• [EXERCISE DESCRIPTION]: Repeat every line of the data exactly; the pictures stay out.

• [AVAILABLE DATA]:
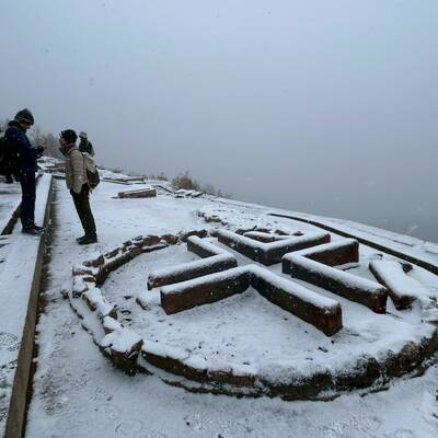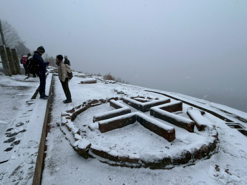 火床、大文字山山頂から見る下界は雪雲の中。なんにも見えない。居合わせた他のパーティーから、「平安京は、真っ白な中」と聞こえてきた。
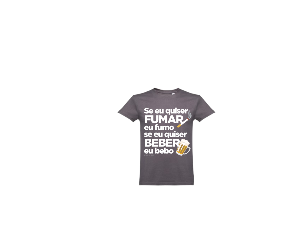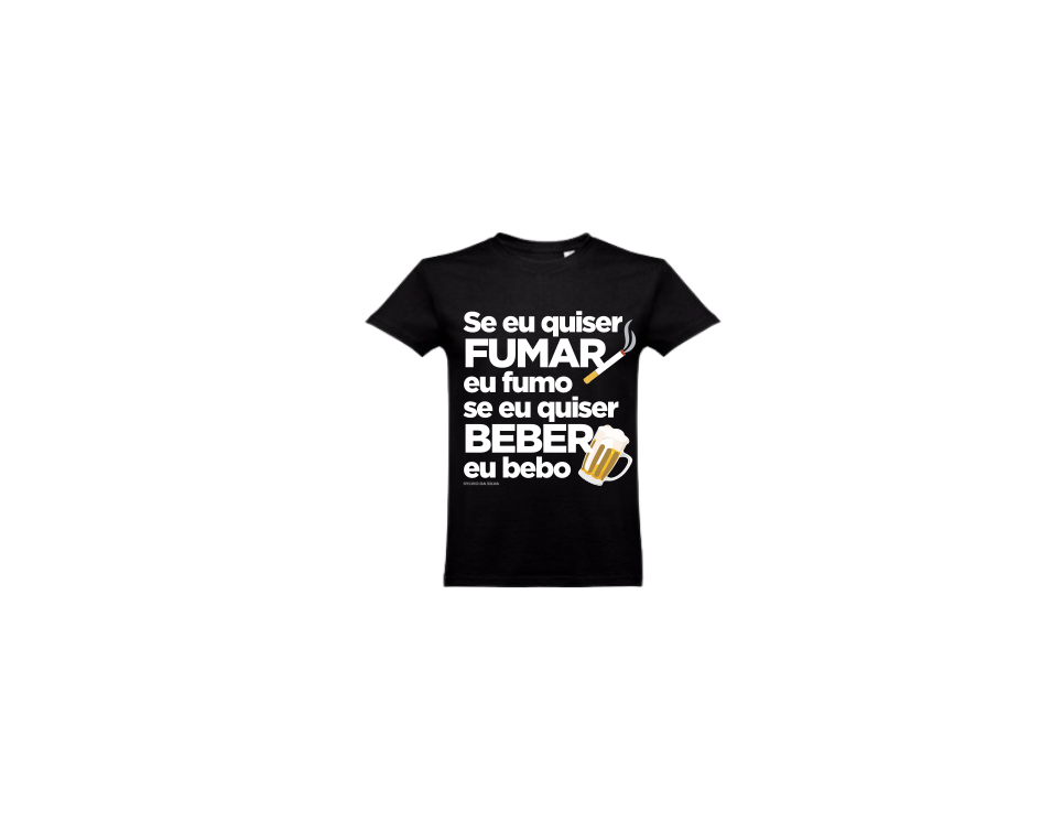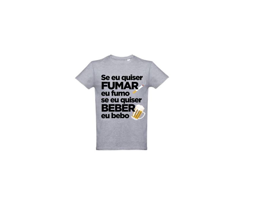 T-shirt branca com texto em português e imagens de cigarro e cerveja
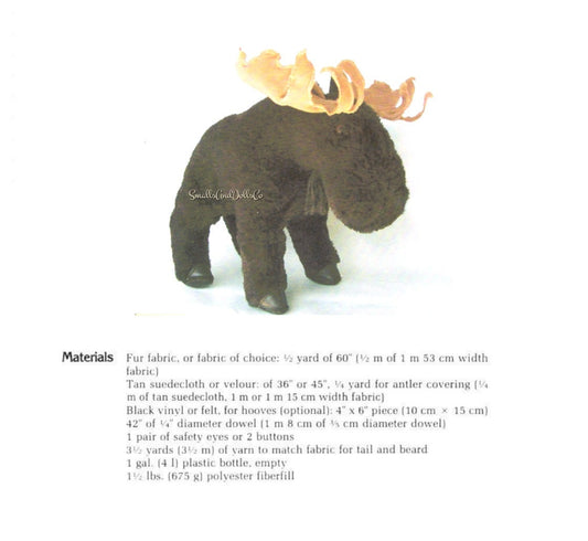 Vintage Sewing Pattern 16" Mighty Moose Faux Fur Fabric Soft Sculpture Plush Toy PDF Instant Digital Download Stuffed Canadian Forest Animal
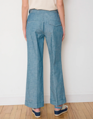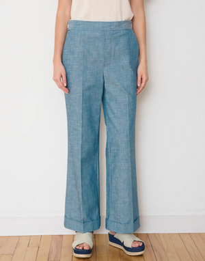 The Parker pant is the straight-leg icon of polished modernity. This 70s-inspired, high-waisted trouser is crafted in upcycled compact cotton with contrasting asymmetric back pockets and a turned cuff bottom hem.

• [WRITTEN RESPONSE]:
 火床、大文字山山頂から見る下界は雪雲の中。なんにも見えない。居合わせた他のパーティーから、「平安京は、真っ白な中」と聞こえてきた。
 T-shirt branca com texto em português e imagens de cigarro e cerveja
 Vintage Sewing Pattern 16" Mighty Moose Faux Fur Fabric Soft Sculpture Plush Toy PDF Instant Digital Download Stuffed Canadian Forest Animal
 The Parker pant is the straight-leg icon of polished modernity. This 70s-inspired, high-waisted trouser is crafted in upcycled compact cotton with contrasting asymmetric back pockets and a turned cuff bottom hem.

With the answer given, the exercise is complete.